Topoisomerases are enzymes that manage the complex topological challenges of DNA’s double-helical structure. They control DNA winding and unwinding, preventing tangles and relieving mechanical stress that can impede cellular processes. Without topoisomerases, cellular genetic material would become unmanageable.
The DNA Challenge
The DNA molecule, a long, coiled double helix, faces constant structural challenges within a cell. During DNA replication and transcription, DNA strands must temporarily unwind and separate. This unwinding creates torsional stress in adjacent DNA regions, leading to supercoiling.
Supercoiling can manifest in two forms: positive and negative. Positive supercoils occur when DNA becomes overwound, tightening the helix and hindering molecular machinery. Conversely, negative supercoils involve DNA underwinding, making strand separation easier for processes requiring genetic code access. Unresolved supercoiling impedes enzyme movement, making genetic information difficult to access and utilize.
Topoisomerase Binding Sites
Topoisomerases initiate action by interacting with the DNA molecule. These enzymes bind to the phosphate backbone of DNA, rather than recognizing specific nucleotide sequences. This allows them to act broadly across the genome, addressing topological issues wherever they arise.

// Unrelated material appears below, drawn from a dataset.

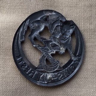 This is the modern stamped variation of the badge first authorized for wear during WWII. It is worn by Soldiers of the 509th today on the Class A uniform right breast pocket.

The initial interaction varies between the two main types of topoisomerases. Type I topoisomerases introduce a transient break in only one DNA strand. Type II topoisomerases create a temporary break in both DNA strands simultaneously. A transient covalent bond forms between a tyrosine residue within the topoisomerase and a phosphate group on the DNA backbone during this process.
The Action After Binding
Following binding and DNA cleavage, topoisomerase proceeds through its catalytic cycle. The enzyme forms a transient phosphodiester bond with DNA, creating a break in the strand(s). Through this opening, the enzyme facilitates the passage of another DNA segment, either a single strand or a double helix, depending on the topoisomerase type.
After strand passage, the topoisomerase re-ligates the broken DNA strands, sealing the gap. This process relieves torsional stress, untangles DNA, and resolves knots without permanent damage. Type I enzymes operate without external energy, while Type II topoisomerases utilize ATP hydrolysis to power conformational changes and facilitate strand passage. The enzyme is then regenerated for multiple cycles of DNA manipulation.
Cellular Importance of Topoisomerase Binding
Topoisomerase binding and action are important for numerous cellular processes. During DNA replication, these enzymes resolve supercoils ahead of the replication fork, allowing DNA helicase to continue unwinding. They also untangle newly replicated daughter chromosomes, a process called decatenation, necessary for proper cell division.
In transcription, topoisomerases relieve torsional stress generated by RNA polymerase as it moves along the DNA template. This ensures gene expression proceeds efficiently without hindrance from overwound or underwound DNA regions. Topoisomerases are targets for certain therapeutic drugs, particularly in cancer treatment. Interfering with their binding or action can induce DNA damage and prevent the proliferation of rapidly dividing cells.